Outside Ostrau and on his travels he came into contact with personalities such as Mahatma Gandhi, Aristide Briand, Anthony Eden, Walther Rathenau, Gustav Stresemann, with numerous scientists and artists such as Gerhart Hauptmann, Rainer Maria Rilke, Stefan George, Richard Strauss, Arno Breker and Oswald Spengler.
He had the castle extensively renovated and furnished with his collections of antiques, expressionist paintings (such as Marsden Hartley's Light House) as well as ethnological objects from all over the world.
Until the Second World War, he turned his home into a meeting place for scientists, writers, artists, esotericists, politicians, musicians, dancers, and numerous visitors from Asia, especially India.

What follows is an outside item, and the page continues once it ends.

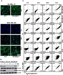 - Figure 2 gamma-radiation up-regulates CT-antigens and MHC-I molecules on the protein level. (A) Immunofluorescence of MDA-MB-469 and SK-MEL-37 cells exposed to a single dose irradiation of 20 Gy and stained with antibodies against NY-ESO-1 and CT7 at different time points after irradiation. (B) MDA-MB-469, SK-MEL-37 and MCF 10A cell lines were exposed to a single dose of 20 Gy and the expression of NY-ESO-1 and CT7 was analyzed by Western blotting 72 h later. (C) breast cancer and (D) osteosarcoma cell lines were exposed to single dose irradiation of 20 Gy and the expression of HLA-ABC and beta 2 microglobulin was quantified at different time points after irradiation by flow cytometry. RAD: indicates gamma-radiation.

Initially his interests revolved around China, which he was never to set foot in and whose art and philosophy he was taught by the Sinologist Richard Wilhelm, but gradually India came to the fore, especially through theosophical and spiritual contacts.
Through Annie Besant who called the gigantic grand-seigneur „my crusader“, he came close to theosophy, especially to the world savior, whom she temporarily postulated, Jiddu Krishnamurti, who stayed in Ostrau for a week in 1931.

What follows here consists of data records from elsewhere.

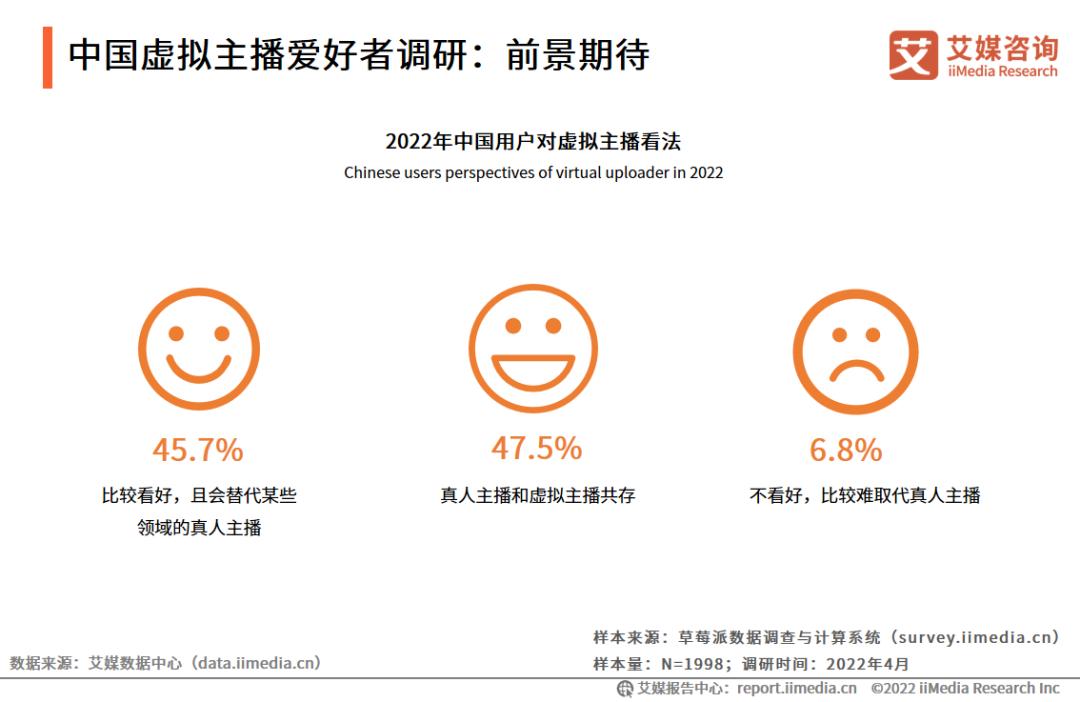 其中超过六成的网民更关注虚拟主播,这说明虚拟主播正在释放巨大的商业价值。同时47.5%的受访用户认为未来真人主播和虚拟主播将共存,45.7%的受访用户认为虚拟主播将会替代某些领域的真人主播。随着消费群体的需求多样化和虚拟现实技术迅速发展,未来虚拟主播的应用将更加广泛。
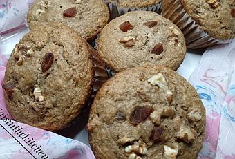 4- Add the dried apricots and mix gently. Using an ice cream scoop, divide the batter between the muffins cases. Add a few pieces of walnut on top. Bake the muffins for 25-30 minutes.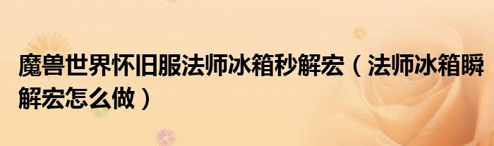 魔兽世界怀旧服法师冰箱秒解宏(法师冰箱瞬解宏怎么做)

But he also maintained good contacts with influential politicians of the Weimar Republic, such as the President of the Reichstag Paul Löbe and a number of cabinet ministers, as well as with domestic and foreign diplomats who visited and invited him.
After Adolf Hitler's rise to power, numerous members of his circle of friends emigrated from 1933, like the dancers Harald Kreutzberg and Kurt Jooss or the Indologist Heinrich Zimmer and the anthroposophist Eugen Kolisko, others were harassed by the Nazi regime.
He had to return to Germany via Egypt, Libya, Italy, France, Belgium and the Netherlands (where he once again visited the exiled Emperor Wilhelm II, whom his mother had known well).
He provided spiritual support to his cousin Elisabeth von Thadden in letters before she was executed as a resistance fighter against the Nazi régime in September 1944, as was his close friend Carl Wentzel.
Despite the strictest ban, Veltheim continued to visit the president of the umbrella organization of German Jews in Berlin until the end of 1942 and had food delivered to him until his deportation in January 1943.
His urn was brought back to Ostrau in 1990, after the fall of the Berlin Wall, and buried in a crypt chapel in the Castle Church, which he had converted into an anthroposophical meditation room in 1933.